- **WORK TO COMPLETE**: Find every line in the entries that holds the string "base" and report it.

- **DATA SHOWN**:
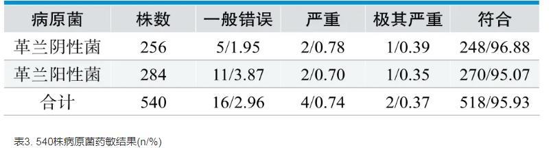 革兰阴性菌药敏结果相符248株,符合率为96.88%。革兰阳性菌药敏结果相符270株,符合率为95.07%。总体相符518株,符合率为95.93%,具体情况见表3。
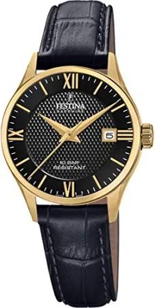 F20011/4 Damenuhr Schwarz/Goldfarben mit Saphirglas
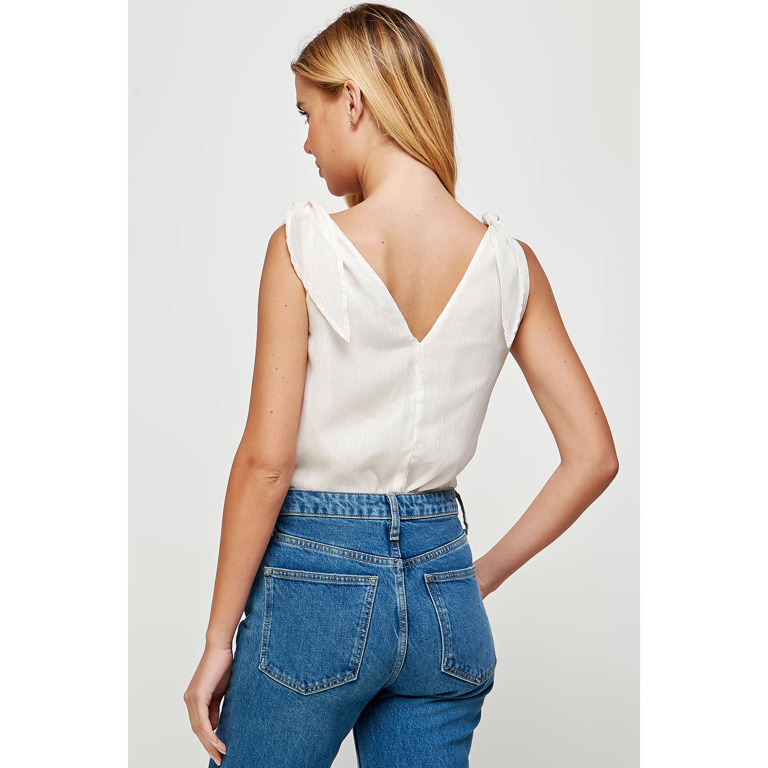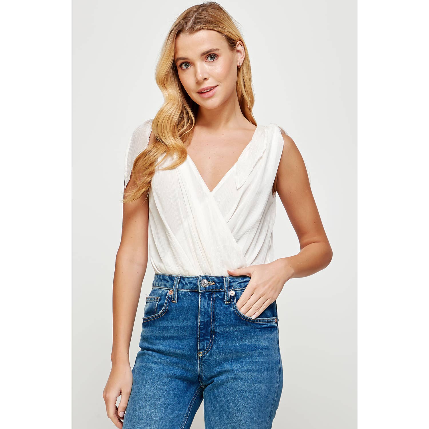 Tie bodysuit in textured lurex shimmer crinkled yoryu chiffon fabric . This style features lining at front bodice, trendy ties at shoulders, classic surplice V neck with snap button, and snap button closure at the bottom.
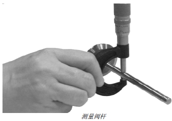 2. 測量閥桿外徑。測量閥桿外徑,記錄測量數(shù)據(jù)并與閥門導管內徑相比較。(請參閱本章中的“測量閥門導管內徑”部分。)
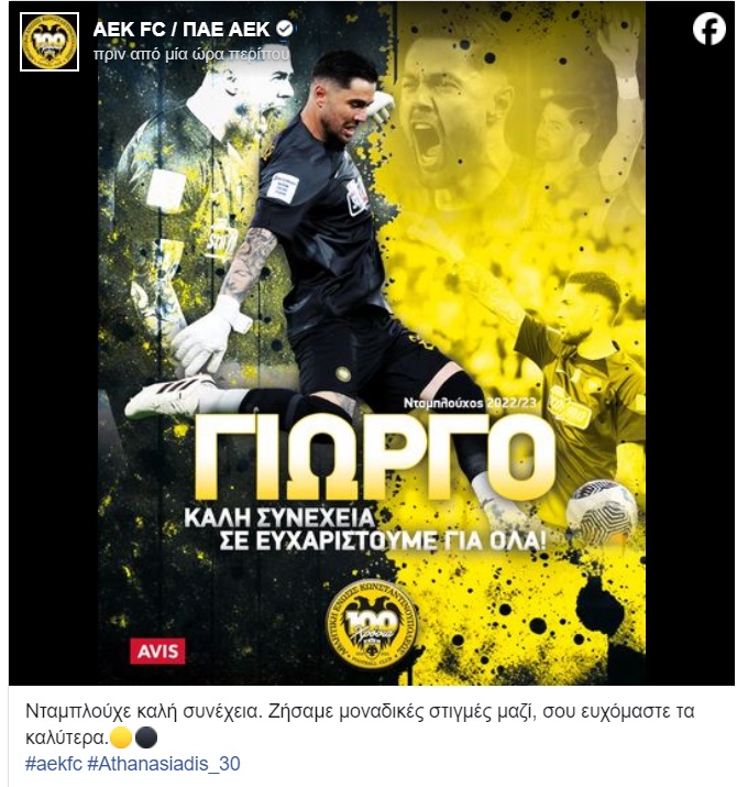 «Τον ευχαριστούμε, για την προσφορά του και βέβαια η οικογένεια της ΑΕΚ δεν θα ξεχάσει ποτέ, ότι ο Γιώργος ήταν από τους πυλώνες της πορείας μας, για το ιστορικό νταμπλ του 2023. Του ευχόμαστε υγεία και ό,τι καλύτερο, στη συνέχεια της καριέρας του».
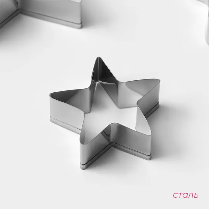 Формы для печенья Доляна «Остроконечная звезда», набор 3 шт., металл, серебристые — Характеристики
==
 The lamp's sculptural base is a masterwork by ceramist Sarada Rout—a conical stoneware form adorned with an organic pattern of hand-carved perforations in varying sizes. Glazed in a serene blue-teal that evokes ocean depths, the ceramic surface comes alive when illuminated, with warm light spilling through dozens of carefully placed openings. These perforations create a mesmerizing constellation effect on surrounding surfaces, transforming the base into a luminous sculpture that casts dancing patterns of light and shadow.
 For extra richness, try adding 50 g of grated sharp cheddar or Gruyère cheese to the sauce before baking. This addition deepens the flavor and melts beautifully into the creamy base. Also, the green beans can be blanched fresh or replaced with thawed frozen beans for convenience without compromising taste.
* * *
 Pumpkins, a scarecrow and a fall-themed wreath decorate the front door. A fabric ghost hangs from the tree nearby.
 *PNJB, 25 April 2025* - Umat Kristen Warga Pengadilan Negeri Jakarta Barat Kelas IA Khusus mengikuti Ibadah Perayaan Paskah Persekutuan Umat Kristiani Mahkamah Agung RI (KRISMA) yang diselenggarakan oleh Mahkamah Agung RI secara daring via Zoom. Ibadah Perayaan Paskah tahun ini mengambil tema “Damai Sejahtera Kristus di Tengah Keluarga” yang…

- **ANSWER SPACE**:
 The lamp's sculptural base is a masterwork by ceramist Sarada Rout—a conical stoneware form adorned with an organic pattern of hand-carved perforations in varying sizes. Glazed in a serene blue-teal that evokes ocean depths, the ceramic surface comes alive when illuminated, with warm light spilling through dozens of carefully placed openings. These perforations create a mesmerizing constellation effect on surrounding surfaces, transforming the base into a luminous sculpture that casts dancing patterns of light and shadow.
 For extra richness, try adding 50 g of grated sharp cheddar or Gruyère cheese to the sauce before baking. This addition deepens the flavor and melts beautifully into the creamy base. Also, the green beans can be blanched fresh or replaced with thawed frozen beans for convenience without compromising taste.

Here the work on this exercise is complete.